TASK BRIEF.
After locating the line that contains "8. Fully open", quote it and all lines after it through the end of the entries, and nothing more. Pictures stay out.

MATERIAL FOR THIS EXERCISE.
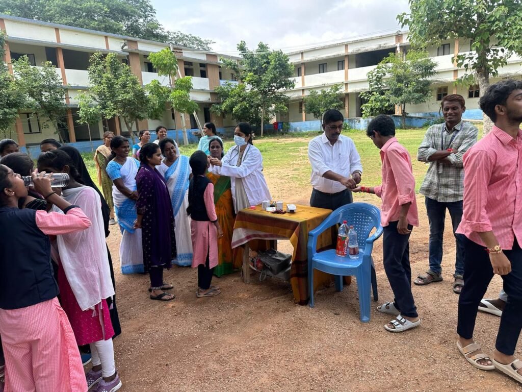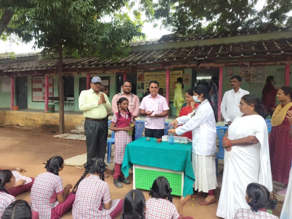 విద్యార్థులకు ఆల్బెండజోల్ మాత్రలు వేసి వారి ఉద్దేశించి మాట్లాడుతున్న డిప్యూటీ డిఎం అండ్ హెచ్ ఓ డాక్టర్ చందు….
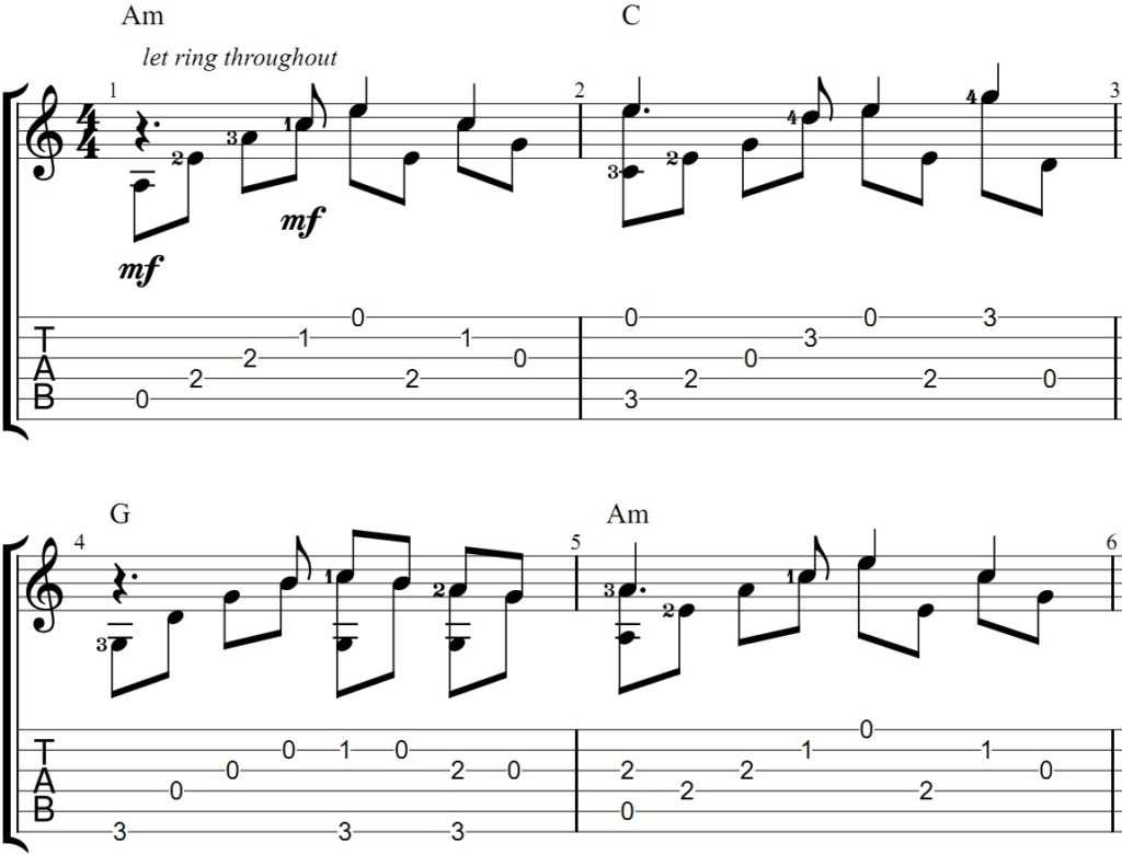 из шести наиболее удобных для исполнения на гитаре тональностях: ми-минор, ля-минор, ре-минор
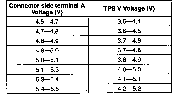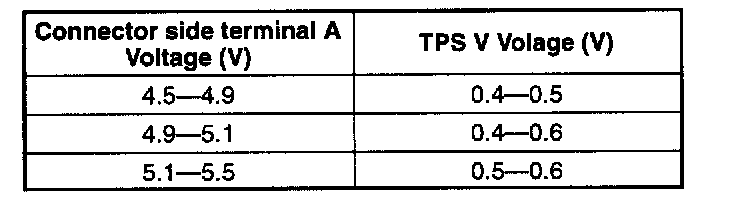 8. Fully open the throttle valve and verify that the voltage is within the specification.
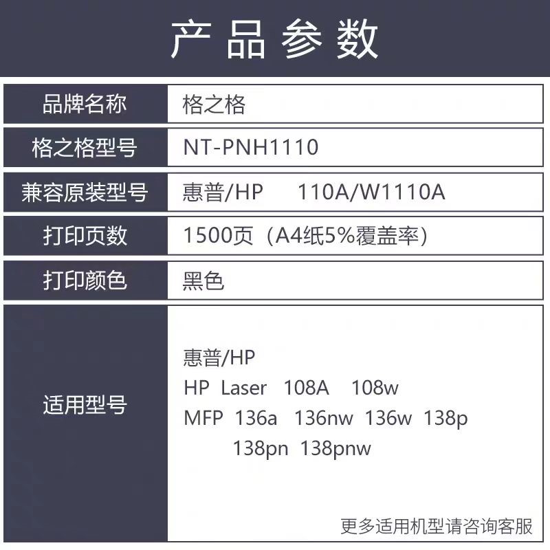 | 格之格HP 110E W1110A硒鼓带芯片 108A 136A | |
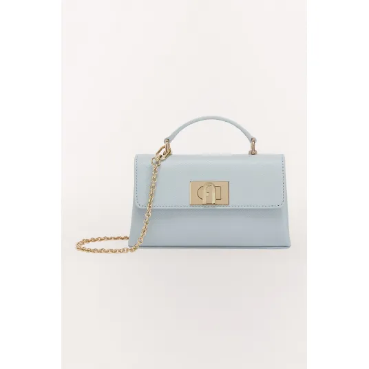 Furla, Geanta crossbody mica din piele 1927, Albastru glaciar
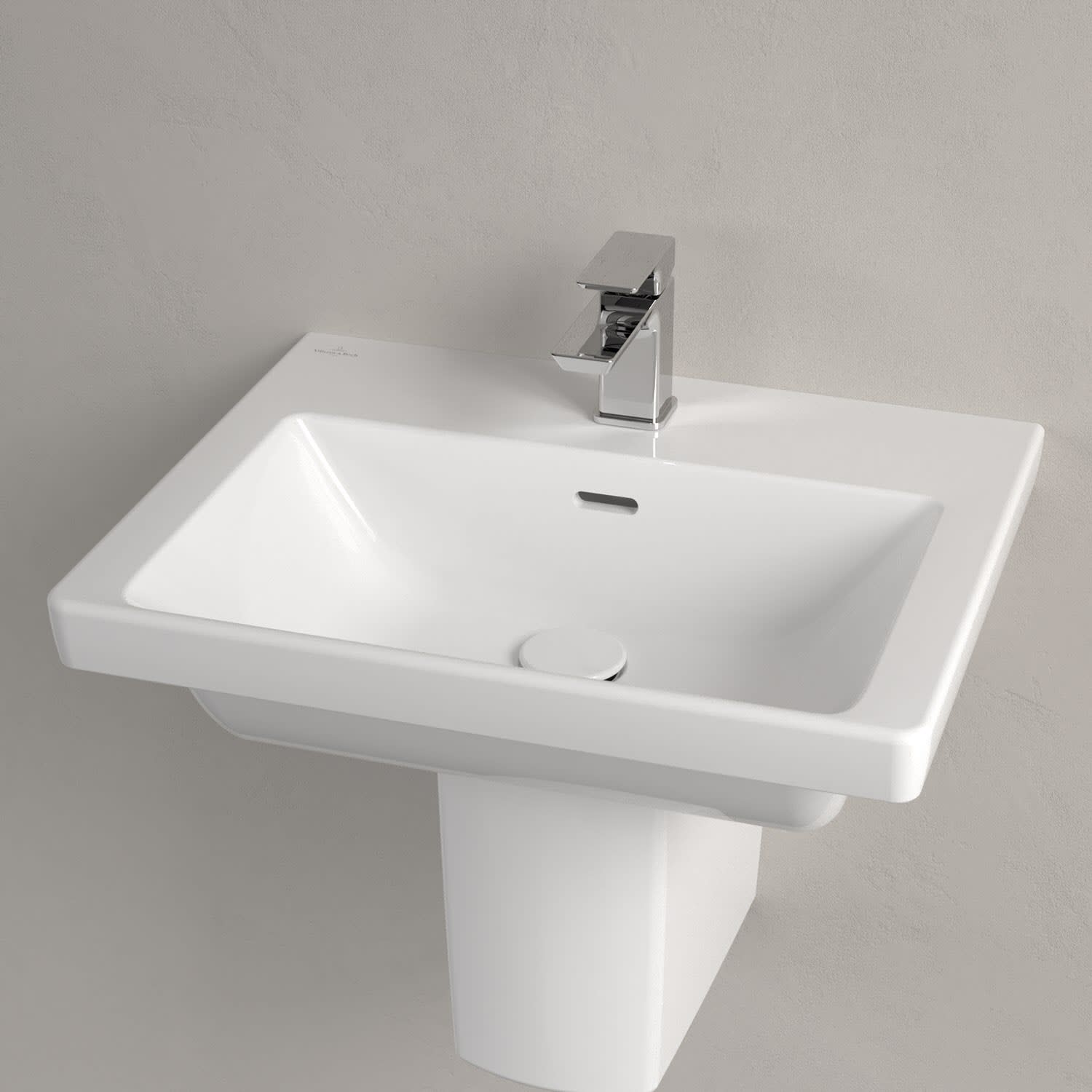 Der rechteckige Schrankwaschtisch der Kollektion Subway 3.0 von Villeroy & Boch zeigt sich in gewohnt zeitlosem Design. Sein schmaler Rand und das längliche Überlaufloch sorgen für einen modernen Look und ein stilvolles Gesamtbild. Das tiefe Becken erfüllt alle Anforderungen des Alltags und bietet ausreichend Platz zum Hände waschen, Zähne putzen oder sogar für die Textilwäsche. Und auf der breiten Hahnlochbank findet sich genügend Ablagefläche für Seifenspender und andere Utensilien.
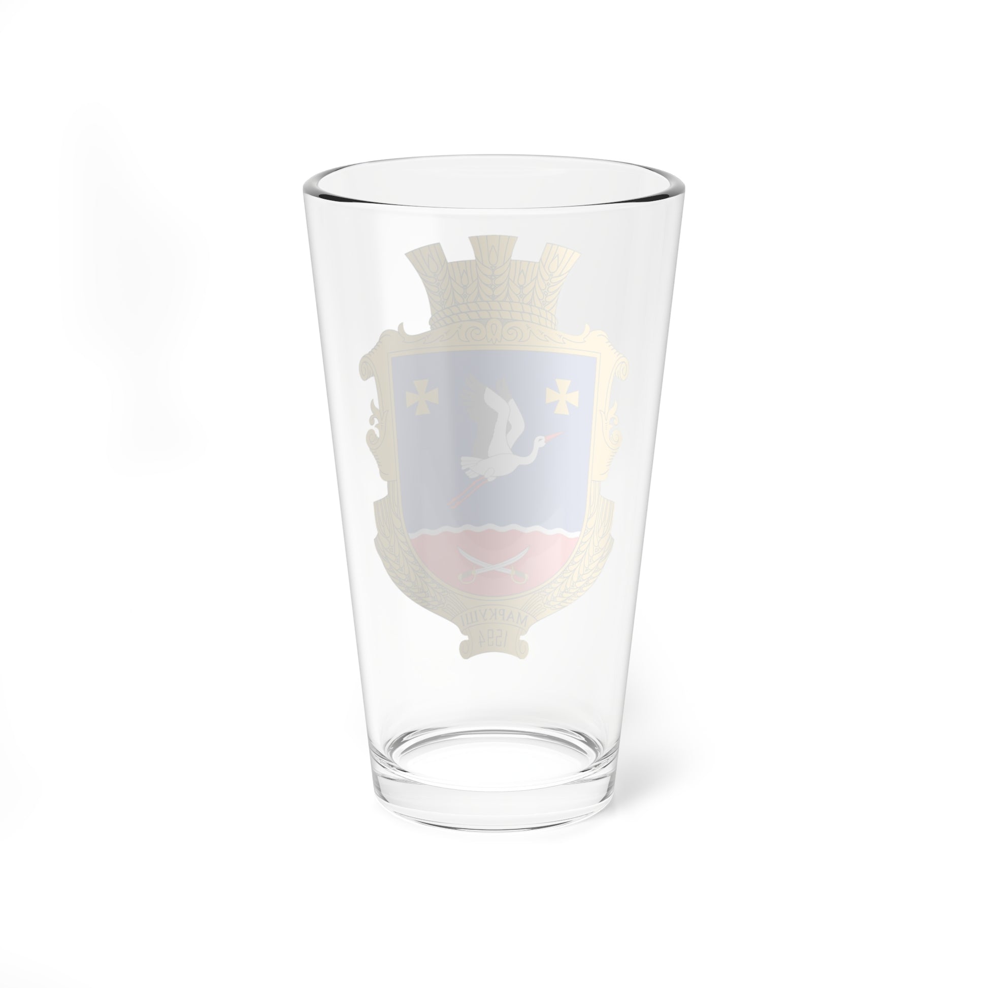 This pint glass showcases the heraldic emblem of Markushi, a village nestled in the Berdychivskyi District of Ukraine. The artwork is a visual representation of the village's identity and history, following established Ukrainian heraldic traditions.

TASK RESPONSE.
 8. Fully open the throttle valve and verify that the voltage is within the specification.
 | 格之格HP 110E W1110A硒鼓带芯片 108A 136A | |
 Furla, Geanta crossbody mica din piele 1927, Albastru glaciar
 Der rechteckige Schrankwaschtisch der Kollektion Subway 3.0 von Villeroy & Boch zeigt sich in gewohnt zeitlosem Design. Sein schmaler Rand und das längliche Überlaufloch sorgen für einen modernen Look und ein stilvolles Gesamtbild. Das tiefe Becken erfüllt alle Anforderungen des Alltags und bietet ausreichend Platz zum Hände waschen, Zähne putzen oder sogar für die Textilwäsche. Und auf der breiten Hahnlochbank findet sich genügend Ablagefläche für Seifenspender und andere Utensilien.
 This pint glass showcases the heraldic emblem of Markushi, a village nestled in the Berdychivskyi District of Ukraine. The artwork is a visual representation of the village's identity and history, following established Ukrainian heraldic traditions.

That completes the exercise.